А ведь она может ударить… Без криков, слез, оскорблений. Молча, поджав губы.
— Если тебе трудно говорить, не говори. Дело прошлое.
Она покачала головой:
— У нас нет прошлых дел, кузен. У простых людей есть, а наше прошлое — это сегодняшняя беда. Я дала себя уговорить, я молчала и молилась, а теперь почти поздно.
— Ты хотела что-то рассказать.
— Да. Ты помнишь мэтра Капотту?
— Капотту… Что-то знакомое. Нет, не помню!
— Ментор из Академии. Его взяли для братьев, он учил их описательным наукам, а я подслушивала. Мэтр Хорас говорил, что читающий проживает тысячу жизней и становится бессмертным. Ги с Иорамом из него веревки вили, а он их любил, особенно Иорама.
Когда мы уехали из Гайярэ, Капотта поселился в Олларии, где-то у Конских ворот. Именно у него Иорам перед погромами спрятал ценности.
— Он станет говорить?
— Станет… Скажи ему, что это моя просьба. Или лучше я сама скажу. Если он струсит, я… я приду сама.
— Ты же не хотела…
— Я боялась… И боюсь, но иначе нельзя… Я видела сон, это знак. Если я предам, я… Я не могу потерять и этого сына! И потом, долги надо платить, а я должна Ворону…
— А говорили, ты его ненавидишь. — Нашел что сказать, болван несчастный!

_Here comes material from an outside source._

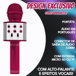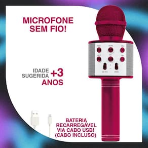 Microfone sem fio toca musica bluetooth karaokê portátilSe torne uma estrela da música com o novo microfone star voiceComcores vibrantes e design exclusivo, o microfone com alto-falante e efeitos vocais possui caixa de som embutida e conexão via bluetooth com celular ou tablet. Controle o volume, eco e outras funções do microfone através do mixer.Conecte o microfone ao bluetooth e cante sua música favorita com diferentes vozes se destaque no show e apresentações com este divertido microfone portátil sem fio.É hora do showCaracteristicas: - microfone sem fio;- com caixa de som embutida amplifica o som ;- conecta com celular ou tablet via bluetooth;- controle de mixer: ajuste de volume e de eco;- bateria recarregável via cabo usb;- bateria e cabo usb incluso. Contém:01 microfone;01 cabo usb.Obs: áudio em portugêsMaterial: metal e plástico;Tamanho do microfone: 23cm;Idade recomendada: +3 anos;Alimentação: 1 bateria 18650 li recarregável incluso cabo usb .Aviso: as cores podem variar do apresentado nas fotos. Imagens meramente ilustrativasCertificado inmetro: 000255/2022.Código ANATEL: 04034-18-11471

— Я ненавидела, — Катари схватила четки, — ведь я считала его убийцей Мишеля и… И всех остальных. Теперь я понимаю, виноваты Штанцлер и Эгмонт… Когда подлец погоняет глупца, это страшно. Робер, я боюсь Ричарда, он слишком похож на отца. Я пыталась остановить Эгмонта, он не стал меня слушать. Я пыталась объяснить Ричарду, что нельзя смотреть чужими глазами, у меня ничего не вышло.
— Дикон влюблен в Альдо и победу. — Если Капотта жив, Никола его найдет. — Мне его жаль, но я ему завидую.
— Мне жаль Талиг, — грустно сказала Катари, — и невиновных в том, что на них свалилось.
Сквозь тонкие пальцы медленно текли золотые капли, словно сами по себе. Почему янтарные глаза больше не манят, почему, когда уходят страх и любовь, остается пустота?
— Ты ничего не чувствовала этой ночью? — Они были возле Нохи, когда Дракко заартачился, а луна стала зеленой.
Янтарные слезы упали на черный атлас, так осенью в темную заводь падают листья.
— Я видела сон, — лицо кузины стало растерянным и виноватым, — но я не знала, что сплю… Я лежала и думала о суде, о том, что с нами будет, а потом подошла к окну. Не было ничего, только луна и тени. Мне стало очень страшно, как в детстве… Страшно смотреть, страшно закрыть глаза, страшно вернуться в постель. Помню, пробило два часа и через двор пошли монахи со свечами. Они шли вдоль стены по колено в зеленом тумане, и их свечи светили зеленым. Я пыталась считать, потом молиться, потом снова считать, и не могла, а они все шли и шли. Звонил колокол, а в каменном колодце лежала луна, и какая же она была злая! Она ненавидела тех, кто бросил ее в колодец, а вода поднималась, луна плавала у самого края, она была гнилой, Робер…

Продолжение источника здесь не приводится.